FBI Cointelpro program

“The FBI began COINTELPRO—short for Counterintelligence Program—in 1956 to disrupt the activities of the Communist Party of the United States. In the 1960s, it was expanded to include a number of other domestic groups, such as the Ku Klux Klan, the Socialist Workers Party, and the Black Panther Party.” http://vault.fbi.gov/cointel-pro

Further reading and viewing

Manufacturing Consent: The Political Economy of the Mass Media (Pantheon, 1988), by Edward S. Herman and Noam Chomsky, concluding chapter.

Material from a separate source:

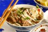 Способ приготовления. Нарежьте мясо и огурец тонкой соломкой (огурец разрежьте вдоль тонкими пластинками, затем наискосок), помидор нарежьте соломкой (предварительно очистив от кожицы и семян), редьку - соломкой, перчик, кинзу и чеснок мелко порубите, яйцо - пополам. Огурец посолите, перемешайте, дайте стечь соку (10 минут), отожмите, смешайте с сахаром, уксусом, посолите. Лапшу отварите за 2-3 минуты, промойте холодной водой, сбрызните маслом. Сырое яйцо посолите, взбейте вилкой, на среднем огне пожарьте тонкий блинчик, дайте остыть, скатайте трубочкой, нарежьте тонкой лапшой. Мясо с баклажаном обжарьте в масле, добавьте соевый соус (1 ст. л.), влейте немного бульона, выпарьте. Бульон доведите до кипения, влейте соевый соус, добавьте острый перчик, поперчите. В глубокие миски выложите лапшу, добавьте овощи, мясо, залейте бульоном, выложите половинки яиц. Посыпьте кунжутными семечками, подавайте.

Video of BBC2's The Big Idea, 14 February 1996, one of a series of thirty-minute interviews – http://video.google.com/videoplay?docid=-4827358238697503# (Start at 16 minutes for section on Watergate and Cointelpro.) 
Where Egos Dare: Andrew Marr meets Noam Chomsky – www.medialens.org/articles/the_articles/articles_2001/de_marr_chomsky.html


8 May 2012

Vietnam: 50th anniversary of the US invasion

This year is the 50th anniversary of the US invasion of South Vietnam: the worst atrocity in the post war period. It killed millions of people and destroyed four countries. There is hardly a word about it in the media. It's like it didn’t happen. To explain why this 50th anniversary is so important, here is an extract from Afghanistan and South Vietnam, a 1984 essay by Noam Chomsky (quoted in The Chomsky Reader, p224). Chomsky contrasts the way that mainstream history recognises that the Soviet Union invaded Afghanistan in 1980, but does not recognise that the US ever invaded South Vietnam, in the one case rejecting, and in the other case allowing the excuse that the invaders were invited in by the government of their client regime.
In 1962, the US attacked South Vietnam. In that year, President Kennedy sent the US Air Force to attack rural South Vietnam, where more than 80 percent of the population lived, as part of a program intended to drive several million people to concentration camps (called “strategic hamlets”), where they would be surrounded by barbed wire and armed guards and “protected” from the guerrillas who, we conceded, they were willingly supporting. … In the following years, the US continued to resist every attempt at peaceful settlement and in 1964 began to plan the ground invasion of South Vietnam which took place in early 1965, accompanied by bombing of North Vietnam and an intensification of the bombing of the South, at triple the level of the more publicized bombing of the North. The US also extended the war to Laos, then Cambodia. ...
For the past twenty-two years, I have been searching to find some reference in mainstream journalism or scholarship to an American invasion of South Vietnam in 1962 (or ever), or an American attack against South Vietnam, or American aggression in Indochina – without success. There is no such event in history. Rather, there is an American defense of South Vietnam against terrorists supported from outside (namely, from Vietnam), a defense that was unwise, the doves maintain.
(extract from Afghanistan and South Vietnam, 1984, The Chomsky Reader, p224)

3 May 2012

Chomsky and Trotsky

Trotsky was the one who laboured to destroy and undermine the popular organizations of workers in the Soviet Union, the factory councils and soviets, [and he was the one] who wanted to subordinate the working class to the will of the maximum leader and to institute a program of militarization of labor in the totalitarian society that he and Lenin were constructing. That was the real Trotsky – not only the Trotsky who sent his troops to Kronstadt and wiped out Makhno’s peasant forces once they were no longer needed to fend off the Whites, but the Trotsky who, from the very first moment of access to power, moved to undermine popular organizations and to institute highly coercive structures in which he and his associates would have absolute authority, with absolute submission of the working population to these leaders. That was the essential doctrine of Trotskyism in power, whatever he may have said before or after.
- from interview in The Chomsky Reader, p41, Pantheon Books 1987.

PS Most of my life I’ve seen Trotsky as the revolutionary hero of the 1917 revolution contrasted with the betrayer and villain, Stalin. No doubt this mainly derives from Animal Farm. Chomsky's pithy critique changes my view.